The new legislation (The Taking Control of Goods and Certification of Enforcement Agents (Amendment) (Coronavirus) Regulations 2020) came into force on 25 April. It provides that during the period in which the new statutory protections from forfeiture are in place landlords will only be able to utilise CRAR if the amount of rent outstanding is an amount equivalent to at least 90 days’ rent.

Conclusion

The Act makes it clear that it is not lawful to forfeit a lease by peaceably re-entering commercial premises or commencing legal proceedings for possession within the Relevant Period.  The additional legislation which was introduced on 25 April and the new proposed legislation relating to insolvency procedures do and will provide extra protection for commercial tenants.
Although certain enforcement procedures may remain open to landlords in certain circumstances they are not going to work to secure payment if a debtor (tenant, or otherwise) cannot pay, at least in the short term.

Cash flow for many tenants is likely to remain challenging after the Relevant Period has expired and the lockdown period ends or is eased allowing businesses to return to their premises, at which point the March and June quarters' rent may well be outstanding.  

Once the Relevant Period comes to an end landlords will be free to take action to forfeit leases for non-payment of rent but they may want to think twice before doing so. The economic climate is likely to have changed beyond recognition, at least in the short term, and despite the various schemes of help being provided by the government, many businesses may never recover. Against that backdrop securing new tenants may not be easy.
   
Similarly after the COVID-19 lockdown is over it would make little sense for landlords to commence insolvency proceedings against their tenants who have cash flow problems caused by the current crisis before allowing them time to get their businesses and finances back on track. The service of a statutory demand in normal times can be enough to force late payers to clear their debts but we are living in different times. Unless a landlord is confident that a particular tenant remains cash rich then we suggest that landlords should think carefully before taking any action which might push their tenants into insolvency. If a tenant owes multiple debts to third parties, being the (unsecured) creditor who pulls the trigger brings no commercial advantage over other unsecured creditors.  

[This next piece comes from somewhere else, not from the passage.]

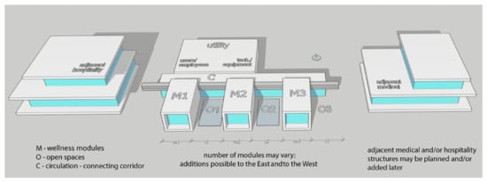 The general concept was developed with south-facing wellness and spa/medical units and corresponding utility spaces in the centre with optional additions of hospitality and medical facilities (Figure 7). However, adjacent medical and hospitality facilities might be planned with program-specific design strategies, so they were not further discussed in detail at this stage of the research.

Landlords may therefore consider that their interests are better served by coming to a formal arrangement that:

  • allows tenants to pay rent in instalments on a temporary basis; or 
  • defers the current rent payments until after the crisis is over and then allows tenants to pay down the deferred sums  over a period of time; or
  • provides for the  landlord to “share the tenant’s pain” by making a temporary rent reduction.

This could also be the opportunity for landlords to obtain a concession from their tenants as a quid pro quo. We are aware of at least one case where the landlord has agreed to a rental payment suspension in return for the tenant agreeing to vary its lease to remove the tenant’s break option.

Legal advice should of course be obtained before entering into any such agreements to ensure such arrangements remain temporary, the landlord’s interests are properly protected and any consents required from a lender (if the property is mortgaged) are obtained.